Press’s Q is evaluated against the critical Chi-Square. We see that this particular Chi-Square is 5.99 and that the Press’s Q for both single nearest neighbor and 5 nearest neighbors are significantly greater than the Chi-Square proving our models to be quite good at correct classification. 5 nearest neighbors once again prove to be better than the single nearest neighbor method.
To see if there is a more accurate number of neighbors for classification a cross validation is run and the most accurate model/method is selected.
pcorr=dim(10)
neighbors=dim(10) ## Creates a variable to count how many neighbors are being used
for (k in 1:10) {
pred=knn.cv(x,cl=family$FSRUNOUT,k)
pcorr[k]=100*sum(family$FSRUNOUT==pred)/n
neighbors[k]=k ## Populates that count variable with k each time through
}
pcorr
## [1] 84.07534 84.41781 88.09932 88.35616 89.04110 89.64041 89.72603
## [8] 89.81164 89.98288 90.06849
neighbors
## [1] 1 2 3 4 5 6 7 8 9 10
maxAcc<-max(pcorr) ## Maximum accuracy (percent correct)
accTable<-rbind(pcorr,neighbors)
accTable
## [,1] [,2] [,3] [,4] [,5] [,6] [,7]
## pcorr 84.07534 84.41781 88.09932 88.35616 89.0411 89.64041 89.72603
## neighbors 1.00000 2.00000 3.00000 4.00000 5.0000 6.00000 7.00000
## [,8] [,9] [,10]
## pcorr 89.81164 89.98288 90.06849
## neighbors 8.00000 9.00000 10.00000
kBest=neighbors[pcorr==maxAcc]
kBest
## [1] 10
This results in 10 being the optimum number of neighbors to classify responses with. To evaluate the 10 nearest neighbors method a Press’s Q measure of classification accuracy is run as well as a confusion matrix.
nearest10 <- knn(train=x[train,],test=x[-train,],cl=family$FSRUNOUT[train],k=10)#nearest neighbor
pcorrn10=100*sum(family$FSRUNOUT[-train]==nearest10)/(n-nt)
pcorrn10 #K=10
## [1] 92.64706
qchisq(.95,2)##critical value for chi-square with alpha=.05, k-1 d.f. where k=3 here
## [1] 5.991465
numCorrn10=(pcorrn10/100)*n #Press's Q = [N-(n*k)]^2/N(k-1)

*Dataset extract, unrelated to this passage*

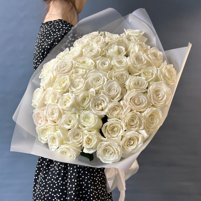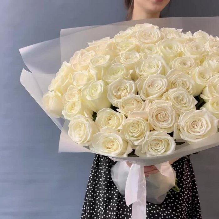 роза пионовидная плая бланка – 49 шт.матовая прозрачная корейская пленка – 3 шт.Лента атласная – 1 шт.
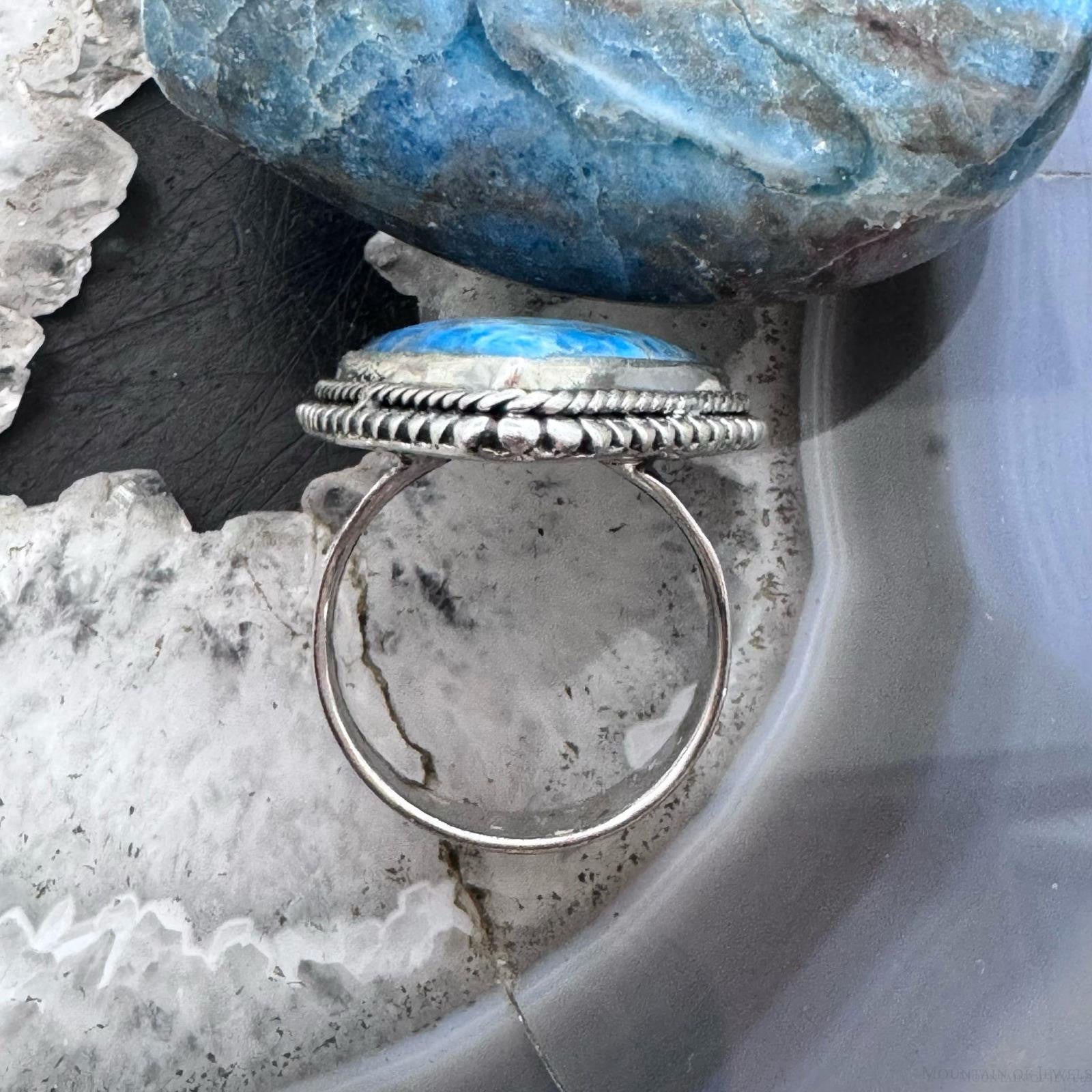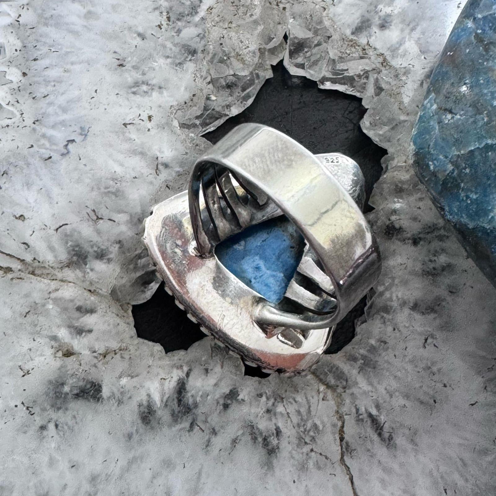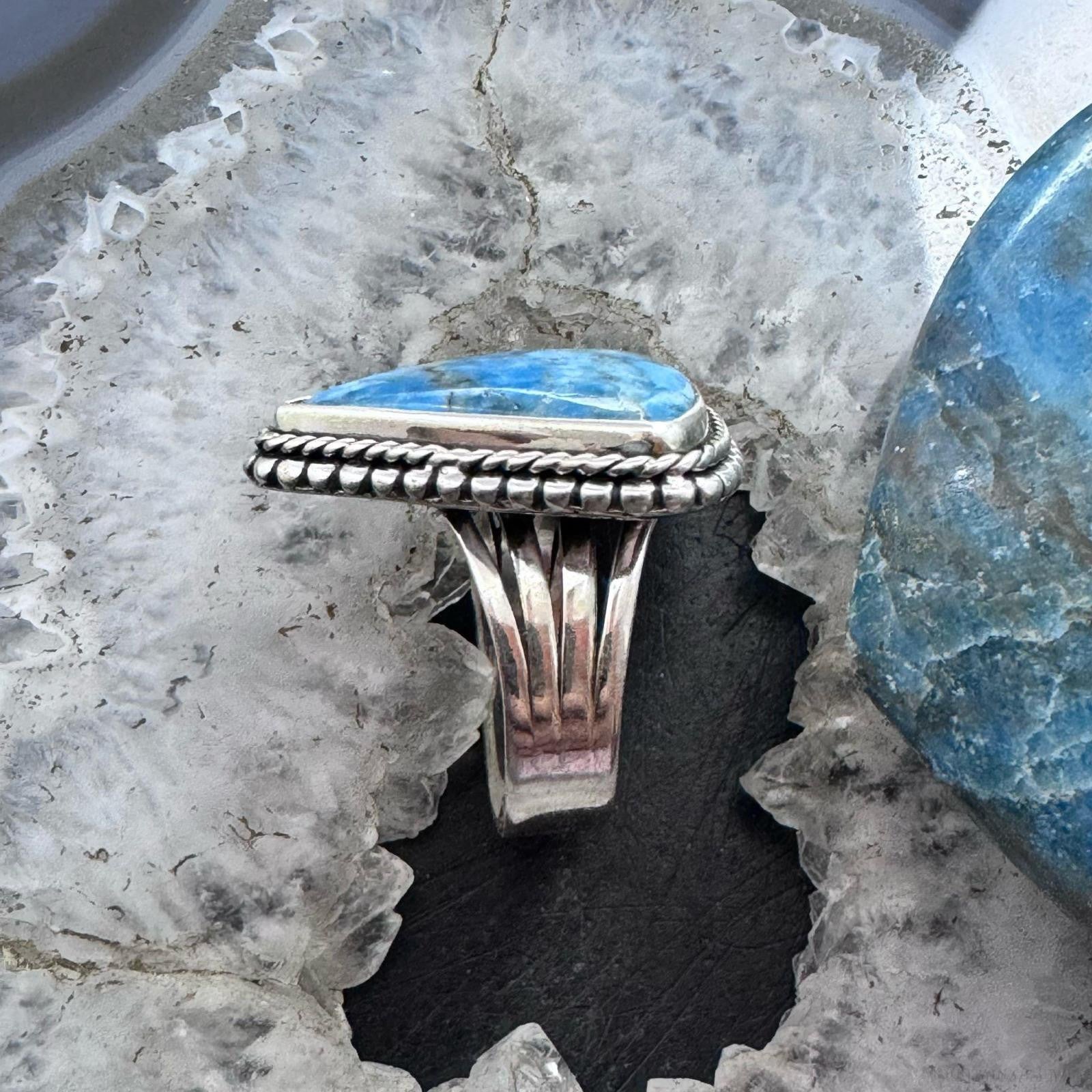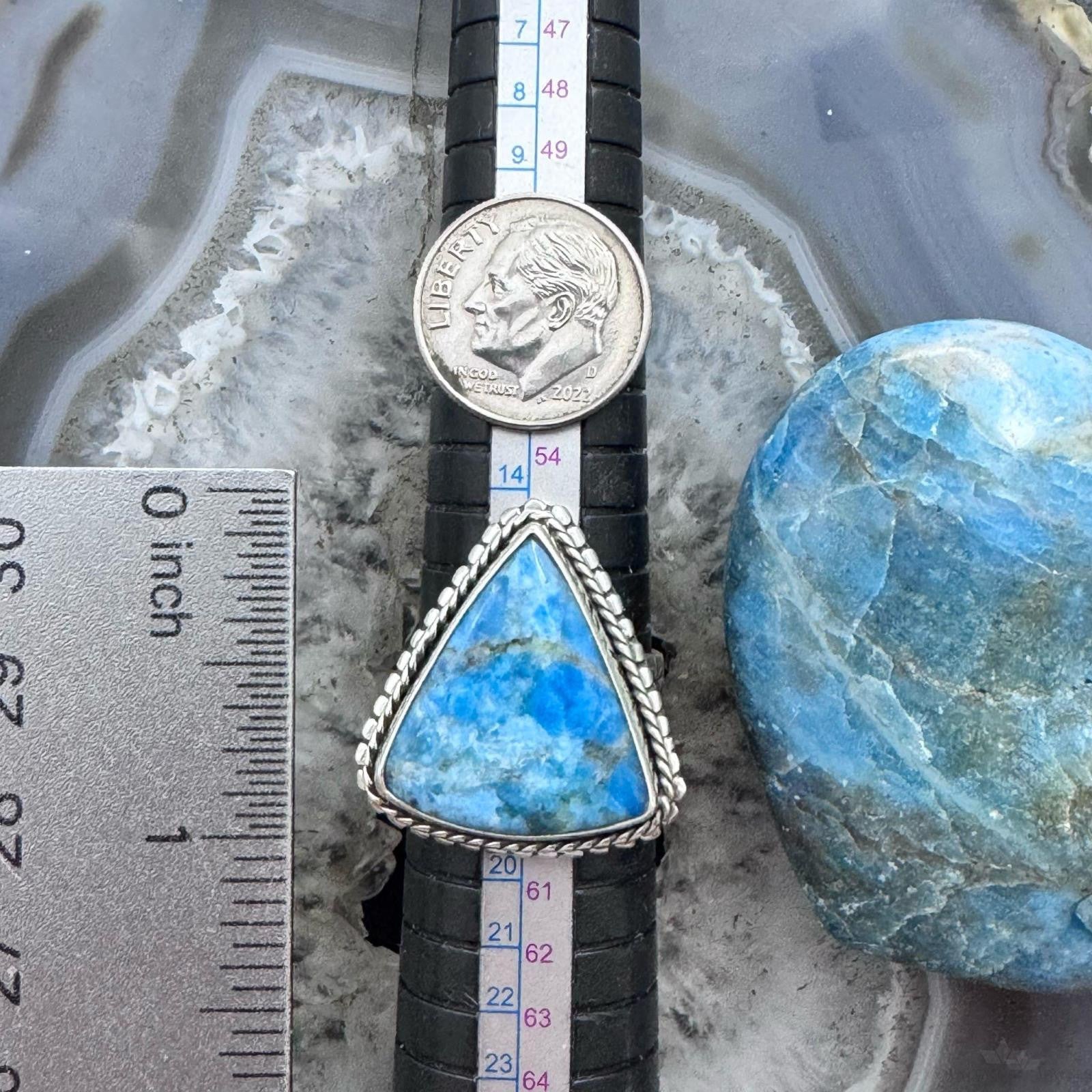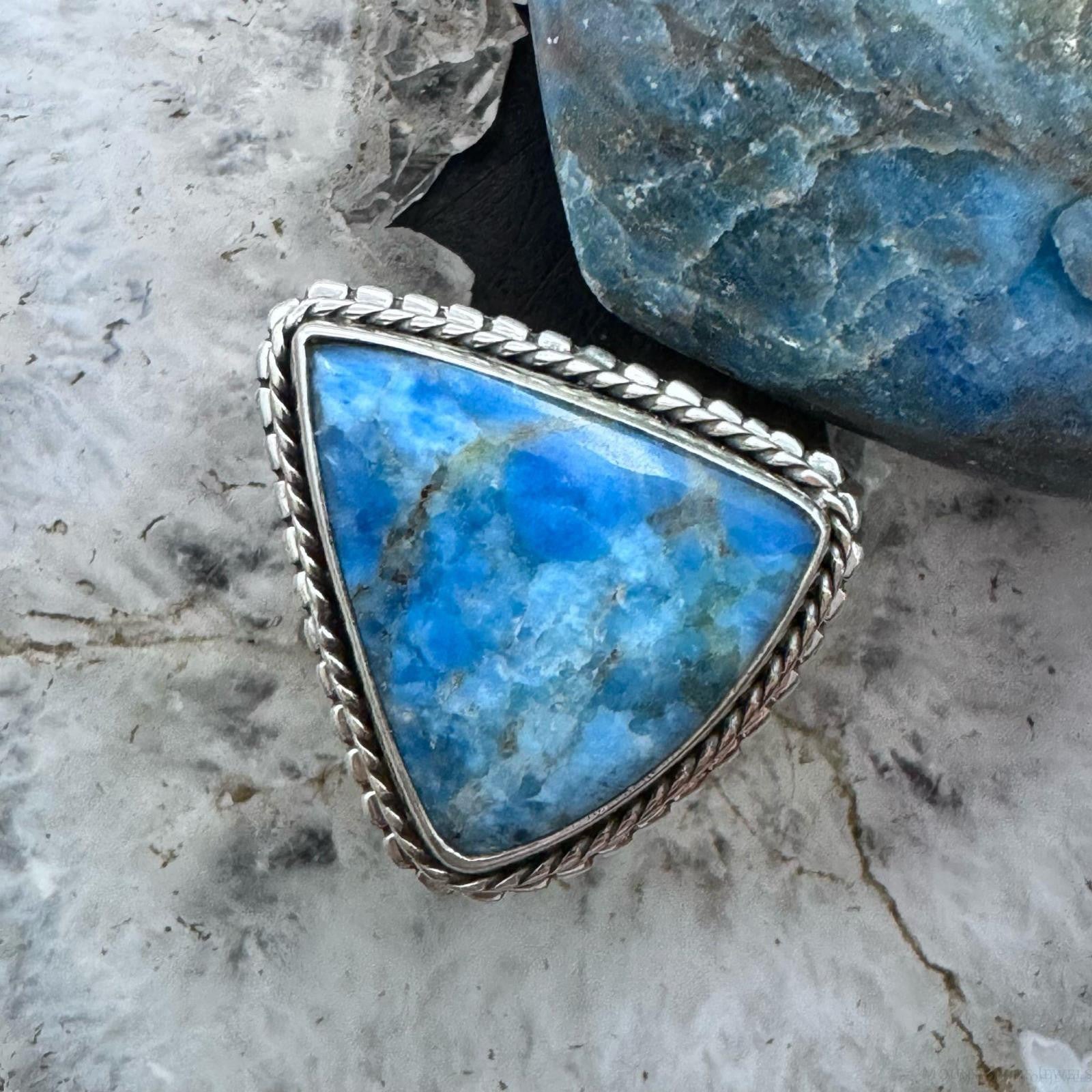 Sterling Silver Southwestern Style Triangle Blue Apatite Ring Size 8.5 For Women

PressQ10=((n-(numCorrn10*3))^2)/(n*2)
PressQ10
## [1] 1849.123
Near10<-data.frame(truetype=family$FSRUNOUT[-train],predtype=nearest10)
confusionMatrix(data=nearest10, reference=family$FSRUNOUT[-train])
## Confusion Matrix and Statistics
##
## Reference
## Prediction OftenTrue SometimesTrue NeverTrue
## OftenTrue 0 0 0
## SometimesTrue 0 0 0
## NeverTrue 1 4 63
##
## Overall Statistics
##
## Accuracy : 0.9265
## 95% CI : (0.8367, 0.9757)
## No Information Rate : 0.9265
## P-Value [Acc > NIR] : 0.616
##
## Kappa : 0
## Mcnemar's Test P-Value : NA
##
## Statistics by Class:
##
## Class: OftenTrue Class: SometimesTrue
## Sensitivity 0.00000 0.00000
## Specificity 1.00000 1.00000
## Pos Pred Value NaN NaN
## Neg Pred Value 0.98529 0.94118
## Prevalence 0.01471 0.05882
## Detection Rate 0.00000 0.00000
## Detection Prevalence 0.00000 0.00000
## Balanced Accuracy 0.50000 0.50000
## Class: NeverTrue
## Sensitivity 1.0000
## Specificity 0.0000
## Pos Pred Value 0.9265
## Neg Pred Value NaN
## Prevalence 0.9265
## Detection Rate 0.9265
## Detection Prevalence 1.0000
## Balanced Accuracy 0.5000
The Press’s Q is significantly greater than the Chi-Square. However, the model is no better at classifying the test set than if you were to classify them with no information, it also has a kappa of zero. This model produces results that are no better than someone seeing that a reply of “Never True” is most likely and classifying all unknown responses as “Never True” responses.